### TASK TO CARRY OUT
For the listing below, output exactly the lines from the line with "こちらはスフレチーズケーキを" up to and including the line with "Untamed Petals Disco", and no other lines.

### ENTRIES PROVIDED
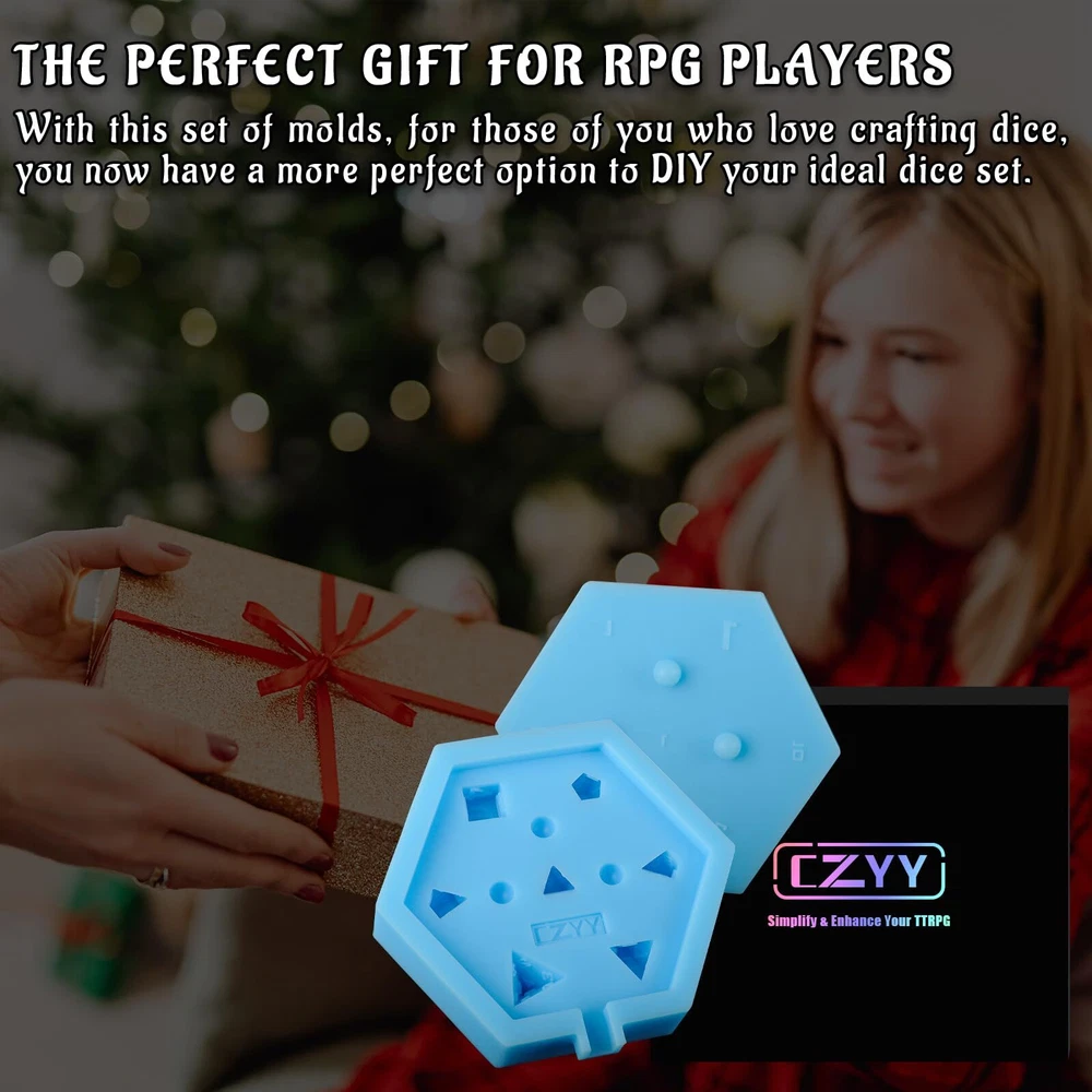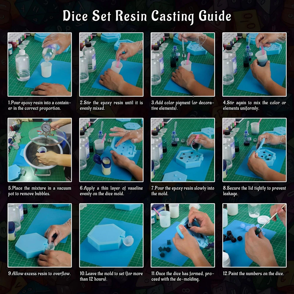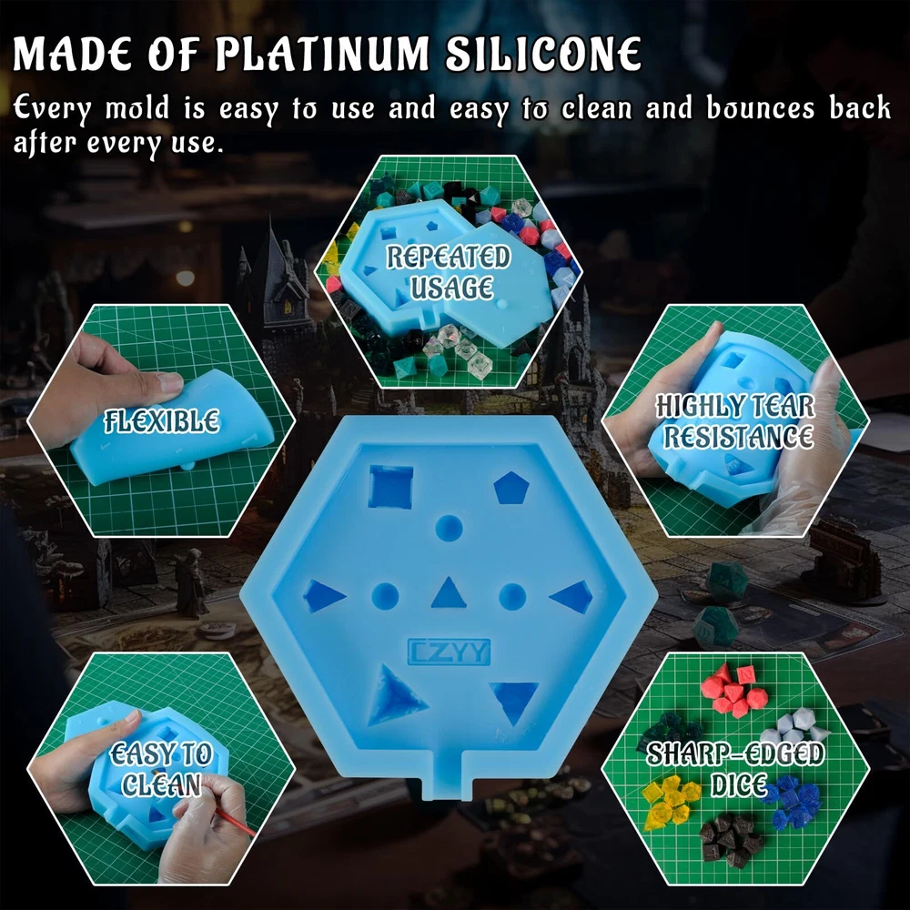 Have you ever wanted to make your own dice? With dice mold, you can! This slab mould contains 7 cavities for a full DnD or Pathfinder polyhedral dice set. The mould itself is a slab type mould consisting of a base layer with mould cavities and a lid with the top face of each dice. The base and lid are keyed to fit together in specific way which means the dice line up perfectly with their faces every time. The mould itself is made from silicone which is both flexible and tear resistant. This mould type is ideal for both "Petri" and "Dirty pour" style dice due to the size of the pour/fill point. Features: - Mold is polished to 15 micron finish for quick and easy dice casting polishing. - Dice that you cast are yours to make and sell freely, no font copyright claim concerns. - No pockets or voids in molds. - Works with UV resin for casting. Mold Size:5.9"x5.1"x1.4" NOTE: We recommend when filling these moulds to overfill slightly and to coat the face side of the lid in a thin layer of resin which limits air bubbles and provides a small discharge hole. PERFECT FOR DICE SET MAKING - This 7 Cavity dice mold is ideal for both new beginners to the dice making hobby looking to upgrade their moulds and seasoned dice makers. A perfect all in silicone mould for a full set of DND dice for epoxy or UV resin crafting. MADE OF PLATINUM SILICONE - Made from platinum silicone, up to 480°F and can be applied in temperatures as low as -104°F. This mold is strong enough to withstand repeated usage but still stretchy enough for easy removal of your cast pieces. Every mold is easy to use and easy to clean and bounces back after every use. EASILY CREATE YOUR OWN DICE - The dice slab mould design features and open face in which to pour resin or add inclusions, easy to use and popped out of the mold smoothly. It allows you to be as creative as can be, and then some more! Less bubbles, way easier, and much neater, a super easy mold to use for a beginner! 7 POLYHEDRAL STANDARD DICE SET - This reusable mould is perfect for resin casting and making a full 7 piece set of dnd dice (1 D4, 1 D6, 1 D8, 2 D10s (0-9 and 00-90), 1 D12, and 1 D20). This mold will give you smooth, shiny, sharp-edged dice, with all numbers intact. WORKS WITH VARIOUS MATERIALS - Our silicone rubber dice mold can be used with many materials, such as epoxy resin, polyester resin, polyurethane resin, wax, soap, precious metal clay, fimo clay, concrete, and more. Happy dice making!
==
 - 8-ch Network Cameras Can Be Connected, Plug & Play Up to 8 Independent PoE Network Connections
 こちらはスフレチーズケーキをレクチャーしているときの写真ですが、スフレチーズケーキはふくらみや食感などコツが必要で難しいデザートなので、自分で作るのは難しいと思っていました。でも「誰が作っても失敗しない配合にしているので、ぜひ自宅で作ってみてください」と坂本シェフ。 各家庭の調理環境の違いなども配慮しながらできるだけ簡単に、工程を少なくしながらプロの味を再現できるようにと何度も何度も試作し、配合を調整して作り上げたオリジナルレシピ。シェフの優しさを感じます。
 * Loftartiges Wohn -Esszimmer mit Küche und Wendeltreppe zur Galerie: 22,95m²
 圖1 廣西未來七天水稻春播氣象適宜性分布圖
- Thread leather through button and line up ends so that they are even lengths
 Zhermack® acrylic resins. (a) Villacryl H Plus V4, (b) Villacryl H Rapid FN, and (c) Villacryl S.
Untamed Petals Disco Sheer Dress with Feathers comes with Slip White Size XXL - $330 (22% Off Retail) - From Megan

### FINISHED TASK
 こちらはスフレチーズケーキをレクチャーしているときの写真ですが、スフレチーズケーキはふくらみや食感などコツが必要で難しいデザートなので、自分で作るのは難しいと思っていました。でも「誰が作っても失敗しない配合にしているので、ぜひ自宅で作ってみてください」と坂本シェフ。 各家庭の調理環境の違いなども配慮しながらできるだけ簡単に、工程を少なくしながらプロの味を再現できるようにと何度も何度も試作し、配合を調整して作り上げたオリジナルレシピ。シェフの優しさを感じます。
 * Loftartiges Wohn -Esszimmer mit Küche und Wendeltreppe zur Galerie: 22,95m²
 圖1 廣西未來七天水稻春播氣象適宜性分布圖
- Thread leather through button and line up ends so that they are even lengths
 Zhermack® acrylic resins. (a) Villacryl H Plus V4, (b) Villacryl H Rapid FN, and (c) Villacryl S.
Untamed Petals Disco Sheer Dress with Feathers comes with Slip White Size XXL - $330 (22% Off Retail) - From Megan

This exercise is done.